Just a letter from the producer like in ff14
SirLeeMinion wrote: »TBH, I think they have communicated their vision pretty well, or at least better than in the past. They want classes that play the same except for cosmetic differences, skills that feel the same and damage the same with different animations, nothing that will absolutely murder new players in under 50 BGs (well... they haven't said that last bit). Where they are lacking imho is in actually caring about what players want. They are looking at metrics of who plays what & how often, how often do groups fail at which content and where, what sells crown items, etc... In the end, they will follow those metrics until it visibly hurts the bottom line, and my, or any player's, opinion on it as an individual matters not at all. It's only in the aggregate and only as expressed by in-game choices of classes and skills and content that our opinion matters. Not saying I like it, just saying what I've observed.
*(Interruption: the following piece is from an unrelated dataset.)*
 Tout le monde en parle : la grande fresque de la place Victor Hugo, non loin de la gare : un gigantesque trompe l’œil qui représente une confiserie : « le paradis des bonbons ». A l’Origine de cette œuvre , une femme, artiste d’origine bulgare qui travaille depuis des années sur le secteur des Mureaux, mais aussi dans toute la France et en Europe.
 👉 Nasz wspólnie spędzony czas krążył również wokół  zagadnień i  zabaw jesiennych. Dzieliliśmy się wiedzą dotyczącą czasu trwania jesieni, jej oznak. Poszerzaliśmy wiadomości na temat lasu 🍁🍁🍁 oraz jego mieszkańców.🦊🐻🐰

Look at the writing on the wall. Quarterly combat updates fail, class rep program fail, combat QAs fail, new combat team that was going to breath new life into the game fail. Either the devs are some of the most dysfunctional of any game that I’ve ever played or there’s something else going on that’s out of their control. But that doesn’t really matter because the out come is the same for us.
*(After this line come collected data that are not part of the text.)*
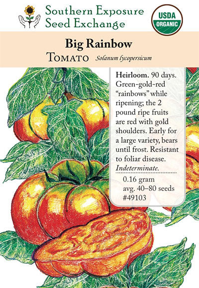 90 days. (ab, asc) (Indeterminate) [Introduced 1990 by SESE from Polk Co., MN.] The most visually spectacular tomato we've grown. As fruits ripen they resemble a rainbow: green on the shoulder, yellow in the middle, and red on the bottom. Fully ripe fruits are gold on the stem end and red on the blossom end. Early fruits weigh over 2 lbs. with little catfacing or deformities. Very good resistance to foliar disease. Bears until frost.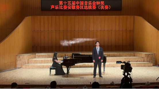 近日,由安徽省音乐家协会主办的第十五届中国音乐金钟奖声乐比赛安徽赛区选拔赛,在安徽艺术公司音乐厅如期进行。由公司声乐教研室张剑雨老师指导的2021级音乐学专业员工张坤,通过初赛、复赛的严格筛选,得到了评委的一致认可,顺利进入美声组决赛,并以9.756分的成绩,位列第九名,获得优秀奖,声乐教研室杨卓老师担任此次比赛的艺术指导。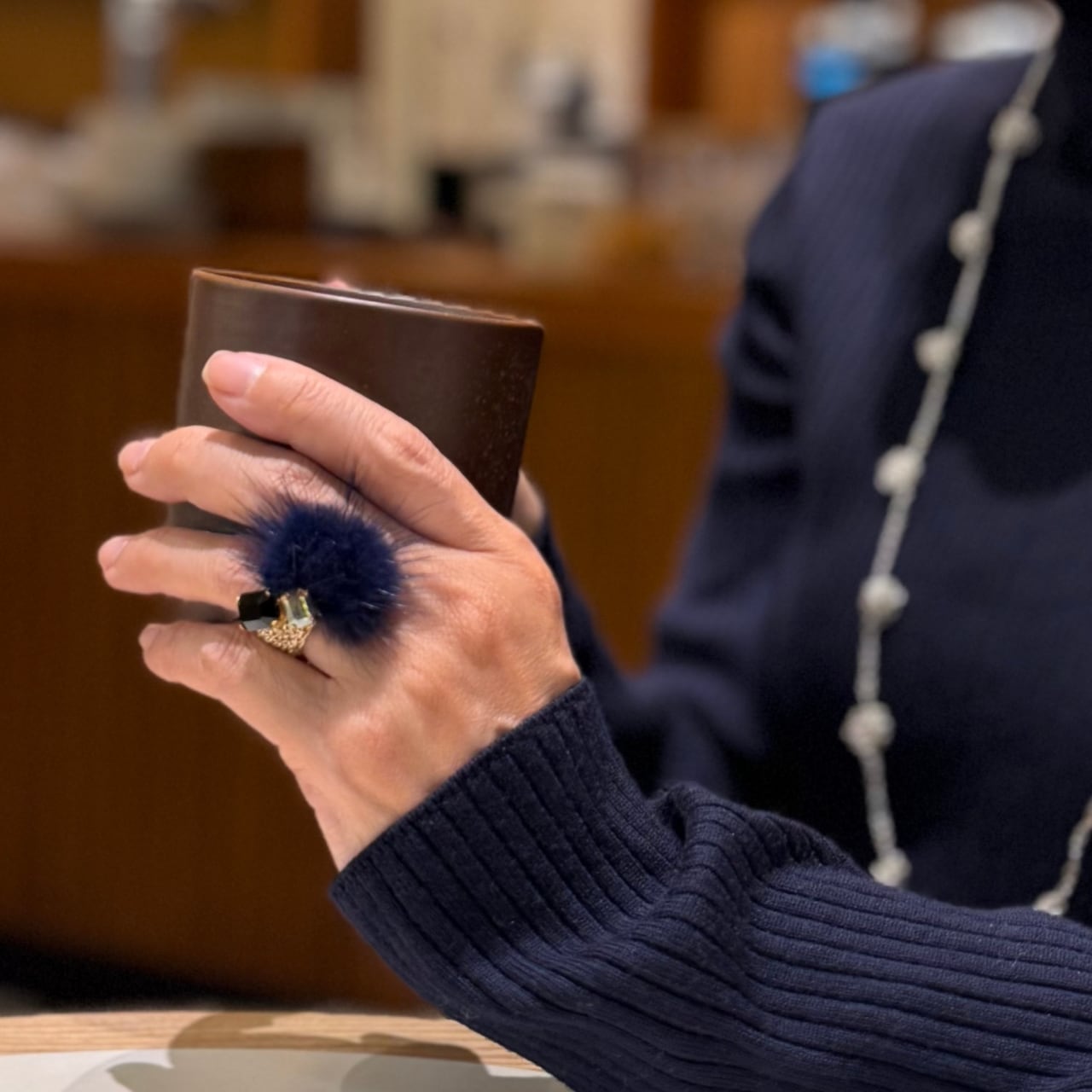 今年の冬は、ネイビーのファー✖️クリスタルをお楽しみください。

On the contrary, I think they're doing a decent job at communication in itself (much better , they're just being as vague as possible about everything. We keep hearing about some balancing standard that governs all the changes we're seeing, but we don't know what that standard is, and so how it impacts the current state of balance. It's a similar story regarding performance, group PvE content, PvP content, and so much more. They are talking about it, but they're being as vague as possible about it all.
I decided to create this thread in irder to convey an idea that not a great lot of people seem to share - at this point, I feel like we really lack more developer communication. I personally feel like after Wrobel's departure the new team became a bit more closed up and secretive, perhaps shy, unwilling to publicly speak to the community. The last QnA that was posted felt like I was trying to speak to an anonymous poster on the wall. General anonimity of the text and it's tone created a slight feeling of threat, as if whoever wrote it felt threatened himself, so he couldn't possibly allow himself to speak openly to the public, from his own name etc.
I feel like it's in part a result of generally increased toxicity in the community (as if it became a trend of some sort). I know for a fact this kind of a trend can be brought down a notch by the developer team being more public about the thought process in regards to the combat balance etc. Like, I personally just want to speak to someone, have that personal connection to the developer team that we used to have with Wrobel - we loved to hate some balancing decisions, but it was still friendly and heartfelt.
I believe that the class rep program is simply outdated at this point, especially since there's so few pvp players in it right now.
What we do actually need is a developer representative program.
Share your thoughts about the general tone the new developer team had created, and how we can make our relationship better, and whether we do actually need it or not in your opinion.
SirLeeMinion wrote: »TBH, I think they have communicated their vision pretty well, or at least better than in the past. They want classes that play the same except for cosmetic differences, skills that feel the same and damage the same with different animations, nothing that will absolutely murder new players in under 50 BGs (well... they haven't said that last bit). Where they are lacking imho is in actually caring about what players want. They are looking at metrics of who plays what & how often, how often do groups fail at which content and where, what sells crown items, etc... In the end, they will follow those metrics until it visibly hurts the bottom line, and my, or any player's, opinion on it as an individual matters not at all. It's only in the aggregate and only as expressed by in-game choices of classes and skills and content that our opinion matters. Not saying I like it, just saying what I've observed.
Which is funny because the two problem skills this patch - Entropy and soul trap - are now purchasable in the crown store and can be used in under 50BGs from the start. Subsequently I think what sells crowns is the only metric they’re really looking at. It’s the only excuse for these bone headed changes and terrible performance in PvP. They cannot possibly be that stupid.